Arizona Department of Health Services Bureau of Emergency Preparedness and Response

Mass Fatalities Conference July 18-19, 2007 Phoenix, Arizona

“Developing a comprehensive and compassionate response”

Speaker Biography

Erik R. Grosof

Erik R. Grosof is the Assistant to the Director-Operations for the National Transportation Safety Board (NTSB), Office of Transportation Disaster Assistance. He joined the Safety Board in November 1997, bringing with him 8 years of airline and airport operational experience and 10 years in law enforcement.

Since joining the NTSB, he has been working on transportation disaster pre-planning, training, and resource coordination with domestic and international air carriers along with airports, emergency management and law enforcement agencies.

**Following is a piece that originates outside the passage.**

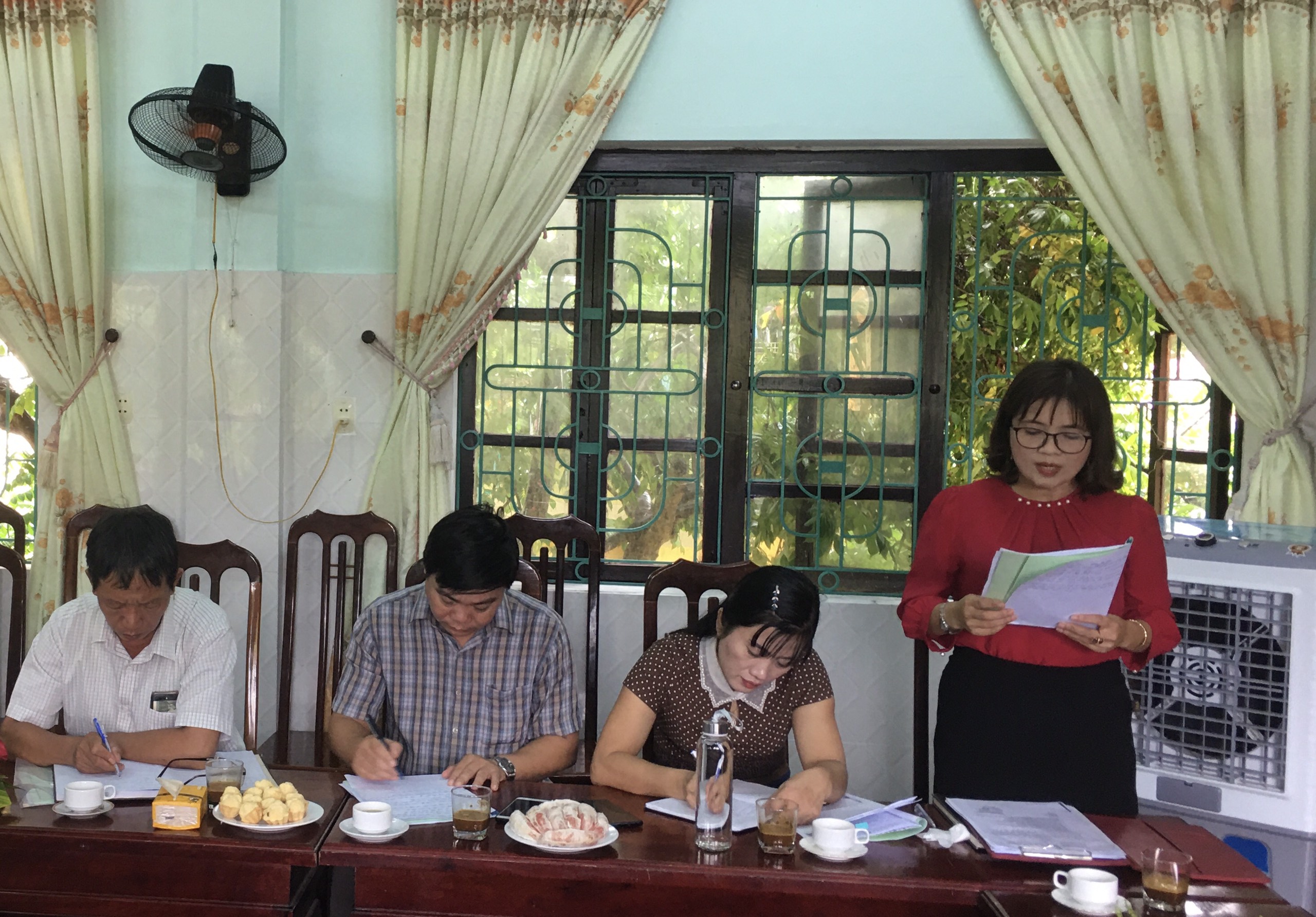 Đồng chí Đỗ Thị Hoài, Hiệu trưởng trường Mầm non Lộc Thủy báo cáo kết quả với Đoàn.

Within hours following the World Trade Center attacks, he was dispatched to to serve as the NTSB's lead representative to the Federal Bureau of Investigation (FBI) at their Command Post in lower Manhattan. He also supplied technical direction on victim issues to the American and United Airlines response teams assigned to New York City.

Mr. Grosof was at Lexington, Kentucky for the crash of Comair 5191, Kirksville, Missouri for the crash of American Connection Flight 5966, Jefferson City, Missouri for the crash of a Pinnacle Airlines Regional Jet, Charlotte, North Carolina for the crash of US Airways Express Flight 5481, New York City for the crash of American Airlines Flight 587 and Tallahassee, Florida for the crash of FedEx Flight 1478, Little Rock, Arkansas for the crash of American Airlines Flight 1420, Rhode Island for the crash of EgyptAir Flight 990 and California for the crash of Alaska Airlines Flight 261. He has been involved in NTSB regional aviation, highway, marine, and railroad and pipeline investigations.

Erik is the designated liaison between the NTSB and the FBI Evidence Response Team (ERT) leadership at Quantico, VA and coordinates all NTSB requests for FBI ERT assets. He also serves as an adjunct instructor at the FBI’s National Academy located at Quantico, Virginia.

Eric has completed the NTSB Basic Aviation Investigation Course and the Department of Transportation Safety Institute's Cabin Safety Investigators Course. He is a graduate of the FBI's Basic Post Blast School and the FBI's Basic Evidence ERT training. He is a graduate of the Federal Law Enforcement Training Center’s Crisis Management Training course; Office of Personnel Management’s Crisis Leadership Course and holds a BS in Criminal Justice. Arizona Department of Health Services Bureau of Emergency Preparedness and Response

Mass Fatalities Conference July 18-19, 2007 Phoenix, Arizona

“Developing a comprehensive and compassionate response”

Speaker Biography

Paul Sledzik

Paul Sledzik is the Manager-Victim Recovery and Identification for the National Transportation Safety Board (NTSB), Office of Transportation Disaster Assistance. Before joining the Board in 2004, he served as a forensic anthropologist and museum curator at the Armed Forces Institute of Pathology (AFIP) for fifteen years.

From 1997 to 2003, he was the team leader for the Region 3 (mid-Atlantic) Disaster Mortuary Operational Response Team (DMORT), a division of the US Department of Homeland Security. In this capacity, he managed a team of 100 forensic scientists and mortuary specialists in training and mass fatality response. He participated in victim identification and recovery efforts following several notable events: cemetery floods in Missouri, Georgia, and North Carolina, the Oklahoma City bombing and EgyptAir 990. He was the DMORT team leader for the response to the crash Executive Air in 2000 and the crash of United 93 on September 11, 2001. As a forensic anthropologist with the AFIP, he provided victim identification support for the Office of the Armed Forces Medical Examiner in Desert Storm, USAir 427 and Iraqi Freedom. With the NTSB, he responded to aviation accidents in Cincinnati, Ohio; Kirksville, Missouri; Pueblo, Colorado; False River, Louisiana; , Africa; Miami, Florida; and Lexington, Kentucky. At the NTSB, Paul coordinates victim identification services for the medical examiner and coroner offices responding, to transportation accidents.

Mr. Sledzik has served as a consultant for the Joint POW/MIA Accounting Command/Central Identification Laboratory, the National Center for Forensic Science, the National Center for Missing and Exploited Children, the US Solider Biological and Chemical Command, and the Smithsonian Institution. He is also a Fellow of the American Academy of Forensic Sciences. Paul’s scientific articles have appeared in several professional journals and textbooks. He earned a BA from the University of Rhode Island in 1984 and an MS from the University of Connecticut in 1988.